Disclosure of Invention
The invention can be aimed at various spherical oleaginous microorganisms, such as algae and yeast, which are the biggest difference from filamentous fungi in the process of solvent extraction in that the filamentous fungi are very easy to settle and filter in the solvent extraction process, and the spherical microorganisms have lower density and smaller cell particles due to the oil content, so that the spherical microorganisms are difficult to remove by the same method. In some small-scale embodiments, although bacterial residues can be separated from a mixture with a solvent through a centrifuge, different bacterial bodies need to be searched for different centrifugation processes, and explosion-proof centrifugal equipment is needed after the treatment capacity is increased to an industrial level, and obviously, the explosion-proof centrifugal equipment of the industrial level needs high cost investment, the first purpose of the invention is to provide a grease extraction method which is simple in process and suitable for industrialization, and the grease extraction method comprises the following steps: after physically breaking the wall of the dry thalli, adding an extraction solvent to obtain a suspension, adding water to mix, and settling to obtain a supernatant; the water amount is 0.5-2 times of the dry bacterial mass.
The oil obtained by the oil extraction method can well give consideration to peroxide value, anisole, impurity content and phospholipid content. In the extraction method, the core invention is that after dry thalli is physically broken, an extraction solvent is added into the wall to form suspension, and then water with the mass of 0.5 to 2 times of that of the dry thalli is added into the suspension for mixing.
In one embodiment of the invention, the amount of water is a core point of the invention, and the amount added is small, difficult to settle, difficult to separate, excessive, long in settling time and difficult to dehydrate in the later stages. The amount of water added is preferably 0.5 to 1 time the mass of the dry cell.

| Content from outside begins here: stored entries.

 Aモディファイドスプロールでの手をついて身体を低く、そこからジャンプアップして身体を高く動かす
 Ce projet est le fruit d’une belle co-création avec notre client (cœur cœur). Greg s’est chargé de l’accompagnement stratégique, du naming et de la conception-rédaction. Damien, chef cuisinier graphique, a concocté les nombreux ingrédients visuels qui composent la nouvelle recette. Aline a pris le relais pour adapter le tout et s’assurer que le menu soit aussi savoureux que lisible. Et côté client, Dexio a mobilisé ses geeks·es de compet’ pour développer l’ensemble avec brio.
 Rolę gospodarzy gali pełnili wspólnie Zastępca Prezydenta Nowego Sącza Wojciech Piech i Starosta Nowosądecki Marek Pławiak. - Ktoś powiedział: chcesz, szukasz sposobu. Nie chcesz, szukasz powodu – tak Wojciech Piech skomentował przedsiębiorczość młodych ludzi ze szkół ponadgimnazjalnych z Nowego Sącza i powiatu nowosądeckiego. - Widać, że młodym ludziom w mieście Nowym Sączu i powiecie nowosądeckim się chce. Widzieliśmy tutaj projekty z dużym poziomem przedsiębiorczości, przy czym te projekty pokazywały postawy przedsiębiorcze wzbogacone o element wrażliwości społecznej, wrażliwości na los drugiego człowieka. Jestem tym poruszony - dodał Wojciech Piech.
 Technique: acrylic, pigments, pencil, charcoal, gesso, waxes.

In the embodiment of the present application, it is preferable that the dry cell is physically broken until the cell disruption rate reaches 95% or more. The wall breaking may be performed using physical methods known in the art, for example, using various methods such as ultra-micro pulverizing methods in the application of CN202010421634.X previously filed by the present inventors, the wall breaking rate may be increased to 99%.

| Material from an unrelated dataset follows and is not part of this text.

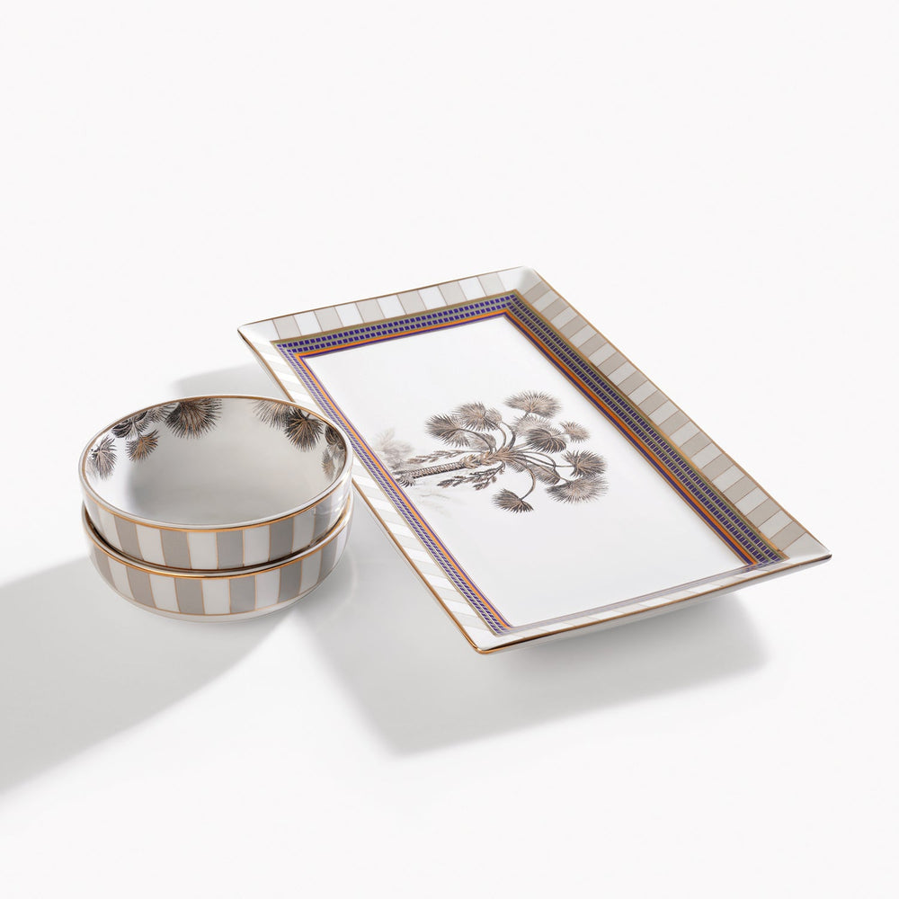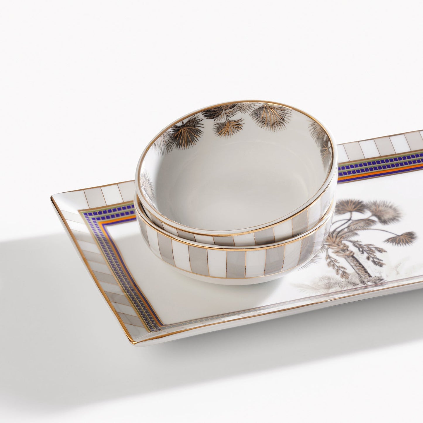 Beige & White Palmier Print Rectangular Porcelain Tray with Bowls

In a specific embodiment of the present invention, the mixing time after adding water is preferably 30min to 2h. In the "sedimentation" step of the present invention: the sedimentation time after mixing with water is preferably not less than 0.5h. The sedimentation temperature is preferably 45 to 50 ℃. The sedimentation pressure is preferably 0.1 to 0.2Mpa.
In one embodiment of the invention, the water adding and sedimentation steps can be repeated, and the water adding and sedimentation steps can be repeated for 1-3 times, preferably 1 time, for example, when the treated object is schizochytrium or dinoflagellate, the aim of the invention can be achieved by repeating sedimentation once, and better indexes are achieved. Namely, the oil extraction method comprises the following steps: after physically breaking the wall of dry thalli, adding an extraction solvent to obtain a suspension, adding water with the mass of 0.5-2 times of that of the dry thalli, mixing, and settling to obtain a supernatant; adding water with the mass of 0.5-2 times of solid impurities (in the supernatant) into the supernatant, mixing, and settling again to obtain the supernatant. Wherein, the mixture is fully and uniformly mixed after adding a specific amount of water, and the mixing time is preferably 30 min-2 h. In the present invention, if the method includes multiple times of water adding and sedimentation, the supernatant fluid in other steps after the sedimentation step refers to the supernatant fluid obtained after the last sedimentation unless otherwise specified. When water adding sedimentation is required to be repeatedly carried out, in the sedimentation step, the sedimentation time after water adding and mixing is preferably not less than 0.5h, the sedimentation temperature is preferably 45-50 ℃, and the sedimentation pressure is preferably 0.1-0.2 Mpa. In one complete extraction step, the temperature and pressure of each water addition sedimentation can be the same or different.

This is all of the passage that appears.